Python’s argparse handles subcommands through add_subparsers(). The result is a flat namespace where every parsed argument lives at the same level regardless of which subcommand was invoked:

parser = argparse.ArgumentParser()
parser.add_argument("--verbose", "-v", action="store_true")
parser.add_argument("--config", default="config.toml")

subparsers = parser.add_subparsers(dest="command")

run_parser = subparsers.add_parser("run")
run_parser.add_argument("--workers", type=int, default=4)
run_parser.add_argument("input_file")

export_parser = subparsers.add_parser("export")
export_parser.add_argument("--format", choices=["json", "csv"])
export_parser.add_argument("output_dir")

args = parser.parse_args()

if args.command == "run":
    run(args)
elif args.command == "export":
    export(args)
else:
    parser.print_help()

This is workable code, but it carries structural problems that compound as the tool grows. The args namespace is flat: args.workers, args.format, args.verbose, and args.config coexist regardless of which subcommand ran. Access args.workers from within the export branch and you get an AttributeError at runtime. The relationship between args.command == "run" and the presence of args.workers is implicit, held together by programmer discipline rather than anything the interpreter can verify.
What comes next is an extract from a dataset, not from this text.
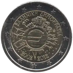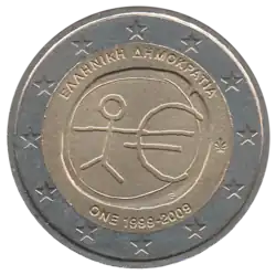 Tous les pays de la zone euro ont émis le 1er janvier une pièce commémorative de 2  pour célébrer le 10e anniversaire de l'Union économique et monétaire. Le centre de la pièce illustre une silhouette humaine stylisée dont le bras gauche est prolongé par le symbole de l'euro. Le nom du pays émetteur ΕΛΛΗΝΙΚΗ ΔΗΜΟΚΡΑΤΙΑ apparaît dans la partie supérieure, tandis que l'indication 1999-2009 et l'acronyme ONE (pour Οικονομική και Νομισματική Ένωση, Union économique et monétaire ou UEM) apparaissent dans la partie inférieure. L'anneau externe de la pièce représente les douze étoiles du drapeau européen.

click separates subcommands into functions, which is cleaner, but shared state flows through ctx.obj, a plain dictionary:

@click.group()
@click.option("--verbose", is_flag=True)
@click.option("--config", default="config.toml")
@click.pass_context
def cli(ctx, verbose, config):
    ctx.ensure_object(dict)
    ctx.obj["verbose"] = verbose
    ctx.obj["config"] = config

@cli.command()
@click.option("--workers", default=4)
@click.argument("input_file")
@click.pass_context
def run(ctx, workers, input_file):
    verbose = ctx.obj["verbose"]
    ...

@cli.command()
@click.option("--format", type=click.Choice(["json", "csv"]))
@click.argument("output_dir")
@click.pass_context
def export(ctx, format, output_dir):
    verbose = ctx.obj["verbose"]
    ...

The separation is better. Each subcommand is a distinct function. But ctx.obj carries no type information. If you add a new shared option at the root level, you must remember to populate it in the group handler and reference it in every subcommand that needs it. Add a third subcommand later and forget to read the new shared flag, and the code compiles, the tests pass unless you wrote a specific case for it, and the bug reaches users.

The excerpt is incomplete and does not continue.